ハードルの1つに、現役時代に比べるととっさの判断力や記憶力が衰えていることを、シニア本人が自覚するのは難しいという点がある。「定年後に自分の変化を受け入れ、強みになる能力を見極めて生かせる人は、体感的には全体の3~4割程度」。そう語るのは、シニア活用を望む企業へのコンサルティングなどを手がける自分楽(東京・文京)の崎山みゆき代表だ。
つまり、半分以上の人は冒頭の介護スタッフと同じく、いわば「半人前状態」の自分を客観的に見ることができないということだ。そんな中で自分のそれまでのキャリアを自慢するような言動をしていては、若いスタッフに敬遠されても仕方ない。

生涯現役を目指すシニアに立ちはだかるもう1つのハードルは、プライドの問題。とりわけ、シニア労働力として企業に雇用される場合、多くの人は自分より若い上司に指図される立場になる。現役時代と違って、単純で刺激の少ない補佐的業務に携わることが増えるケースも多い。
「そんなことは言われなくても十分、分かっている。自分は覚悟を持って第2の人生に臨む」。そう思う人もいるかもしれない。だが、組織開発を手がけるキャリアネットワーク(東京・港)の清家三佳子常務は「定年後再雇用で環境が大きく変わることが頭では分かっていても、いざその時が来ると現実を受け入れられない人は少なくない」と話す。同社には「年下の部下に指示されることへの違和感がぬぐえない」といった、シニア社員の本音が寄せられる。
自分の価値を理解しない周囲に、納得がいかず
大手投資銀行で長年、融資業務を担当し、支店長になったB氏もその1人。定年退職後、それまでの経験を生かそうと金融系の職を探したものの、思い描いた求人は見つからず、税理士事務所に働き口を得た。
しかし、仕事の内容は補佐的業務が中心。事務所に相談に来る中小企業には自分が金融畑で培った経験を頼ってほしいが、その機会は少ない。最初は週5日だった勤務も、今では週3日に減らされた。いじめられることこそないが、自分の能力やキャリアの価値を理解していない周囲の態度を見ると、イライラしたり憂鬱な気持ちになったりする。
「シニア世代の中でも、定年まで転職経験がなく、自分が優秀だという自負を持つ人は、新しい環境に自分の方が合わせるという発想に至らないケースも多い」。
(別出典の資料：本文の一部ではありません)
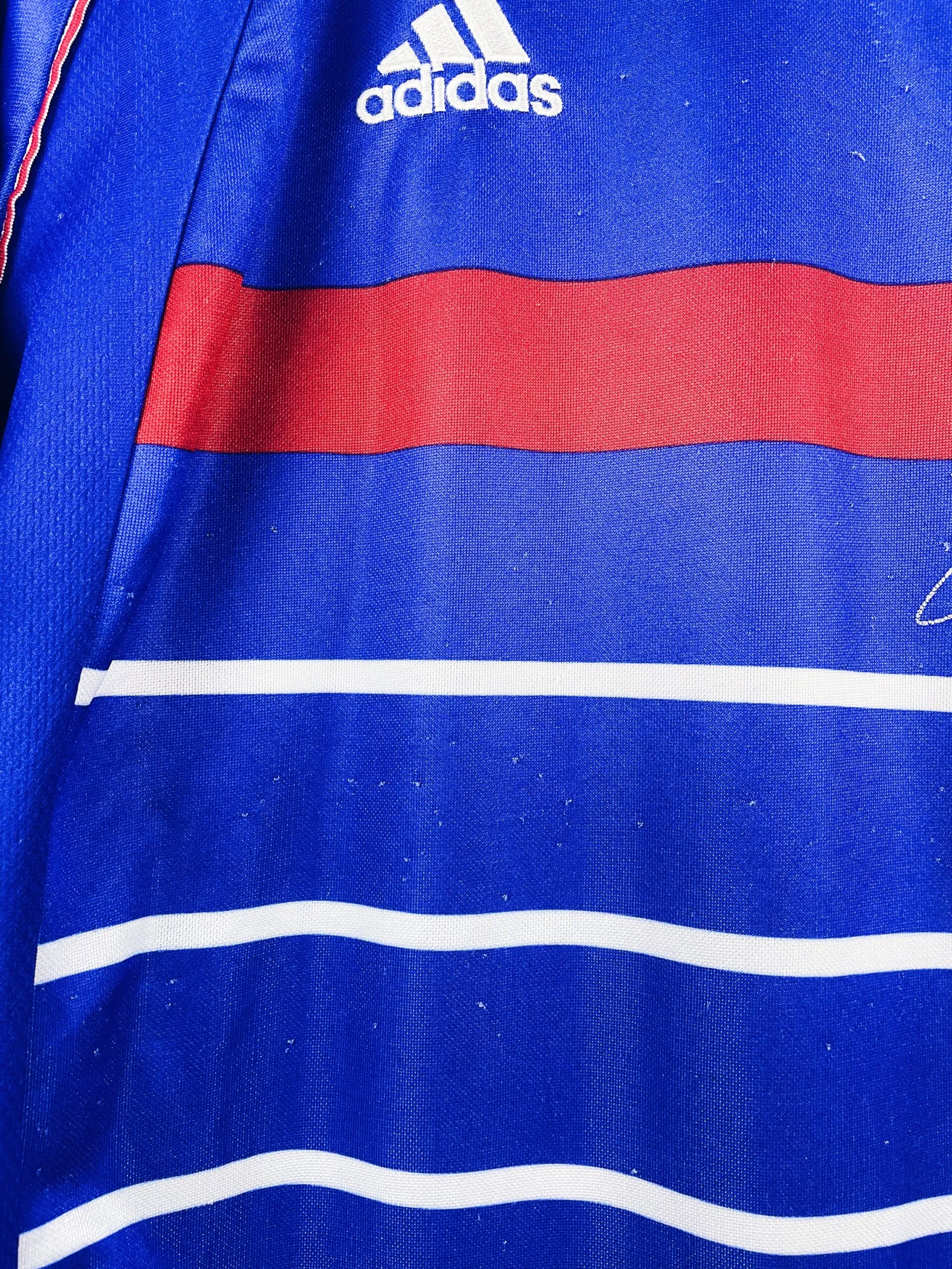 Tu connais la finale de la Coupe du Monde 1998 par coeur? Tu regardes les compilations des contrôles de Zidane sur Youtube? Tu penses souvent au poteau de Gignac? Puis tu penses au second poteau Pavard et ça va mieux? T’espères avoir une 3ème étoile? Alors tu devrais trouver ton bonheur parmi nos maillots de foot vintage de l’équipe de France. Et si t’as des pépites à vendre, on peut aussi racheter ton maillot collector des Bleus.

シニアの就労事情に詳しいカウンセラーの山崎正徳氏はこう話す。
もちろん、シニア社員の中には謙虚な人も大勢いるし、そんな高齢社員を気遣い戦力として温かく迎え入れてくれる企業も数多くある。だが、その場合であっても今度は、気を使ってもらっているからこそ「自分が組織のボトルネックになっているのではないか」と気に病むシニアが出てきてしまう。高齢で長時間働けないことや、若い世代とうまく交流できないことを申し訳なく思う人も少なくない。
その結果、周囲に迷惑をかけまいと自ら引退を決断するシニアもいる。昭和から平成のテレビ界を支えた大物司会者がこのほど、看板番組から“勇退”すると決めたが、「自分が今の人たちの会話のテンポに合わなくなってきたなと思った」ことがその決断のきっかけの1つになったという。